Should I Buy Tesco PLC For My ISA?

Published in Company Comment on 8 March 2013

Roland Head explains why he's keen to add more Tesco PLC (LON: TSCO) shares to his ISA.

Any company that has increased its dividend continuously for 28 years and offers a FTSE-beating yield of 4.1% deserves to be taken seriously.

And when you add in annual sales nearly three times that of its closest London-listed competitor, and a leading presence in the home-delivery market, then things look even better.

I am of course talking about Tesco (LSE: TSCO) (NASDAQOTH: TSCDY.US), a share I hold in my own ISA, and one that I think is perfect for this tax-efficient method of saving.

You can find out more about the tax benefits of investing through an ISA here. Let's now take a look at the particular attractions of Tesco.

Would you bet against Buffett?

Tesco's size and UK market dominance are undoubtedly two of the company's strengths, as is its unbroken 28-year record of dividend increases.

When Tesco issued a profit warning in January 2012, billionaire investor Warren Buffett used the share-price dip as a buying opportunity, and topped up his Tesco shareholding to give him 5% of the company.

Today, Buffett's Tesco shares are worth around £1.5bn, and will provide him a dividend income of about £60m this year.

Although Tesco's share price has risen recently, it still looks good value to me, placing the company on a forward price to earnings ratio (P/E) of 11.3, well below the FTSE 100 average of 16.6.

Beneath the bonnet

When you look a little more closely at Tesco's financials, things still look good. Tesco's operating margin of 6.2% is higher than both that of J Sainsbury (3.9%) and Wm Morrison Supermarkets (5.5%).

What's more, despite being the biggest of these three, Tesco is also expected to deliver the most growth this year. Analysts' forecasts suggest Tesco's earnings per share will grow by 5.7% in 2013, compared with 4.8% for Sainsbury's and a stagnant 0.4% for Morrisons.

Never knowingly undersold?

Finally, a recent report in the Financial Times suggested that Tesco is about to launch a new price-matching scheme, which will issue customers with money-off vouchers at the till if their shopping would have been cheaper at Morrisons, Sainsbury's or Asda.

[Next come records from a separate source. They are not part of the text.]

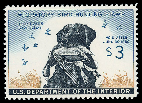 5344 nh RW26 imageFederal Duck Stamp, 1959, $3 Labrador Retriever (Scott RW26), o.g., never hinged, Very Fine to Extremely Fine.
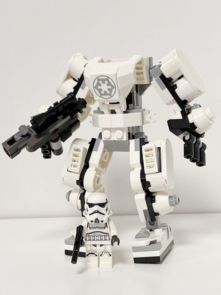 D’un point de vue design, on reconnait instantanément à quel personnage fait référence le Mech. Le choix des articulations coudes & genoux fixes peut paraitre limitant mais aux mains d’un jeune enfant (les sets sont des 6+) ça a le mérite de résister aux séances de jeu auxquelles ces boites sont destinées. Je regrette le dos du Stormtrooper nu, on aurait pu y voir un léger bosselage comme celui de Vador. J’apprécie par contre que le designer ait prévu suffisamment de place pour chaque minifig avec son accessoire, notamment Boba et son jetpack.
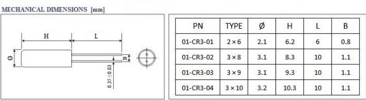 NKG晶振|01-CR3-02-11M288-T16-2050E-EXT|3×8圓柱晶振尺寸圖
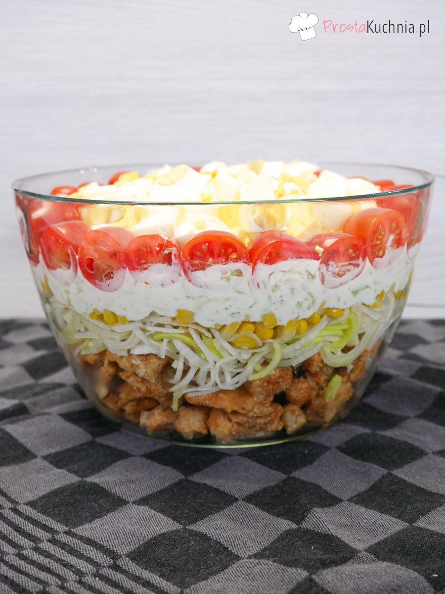 Sałatka warstwowa to doskonała propozycja na pyszną i pięknie prezentującą się sałatkę, która sprawdzi się na domowe imprezy czy inne ważne przyjęcia.
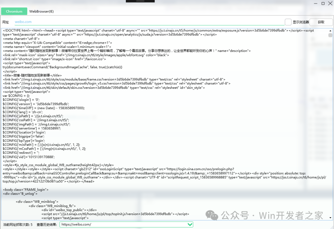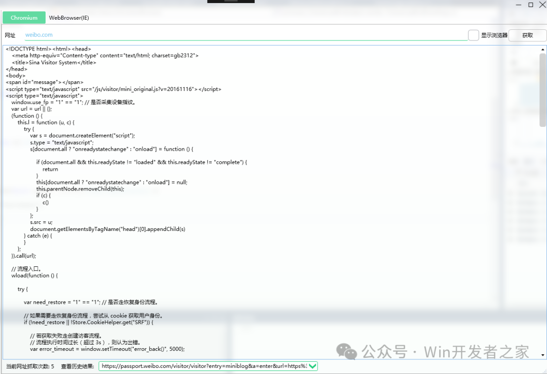 5、处理获取到的网页源码 在ChromiumWebBrowser.FrameLoadEnd事件实现里可以获取到网页的动态源码。 这里需要注意的是,当你打开一个动态页面,这个事件可能 会触发多次, 比如你打开weibo.com,这个事件就会触发多次。 1 private async void Chrome_FrameLoadEnd(object sender, FrameLoadEndEventArgs e) 2 { 3 string source = await chrome.GetSourceAsync(); 4 }

It rarely pays to bet against a giant, and I believe that Tesco will overcome its short-term problems, and will continue to pay a rising stream of tax-free dividends into my ISA for many years to come.

2013's top ISA income stock?

If you like the idea of using an ISA to hold high-yielding income shares, then I would recommend you take a look at the Motley Fool's latest free report, "The Fool's Top ISA Income Stock For 2013".

The company in question currently offers a yield of 5.7%, and the Fool's expert analysts believe that the current price of 700p could be 20% below the share's true value. To learn more, just click here to download your free copy of this special report, while it remains available.

> Roland owns shares in Tesco. The Motley Fool owns shares in Tesco.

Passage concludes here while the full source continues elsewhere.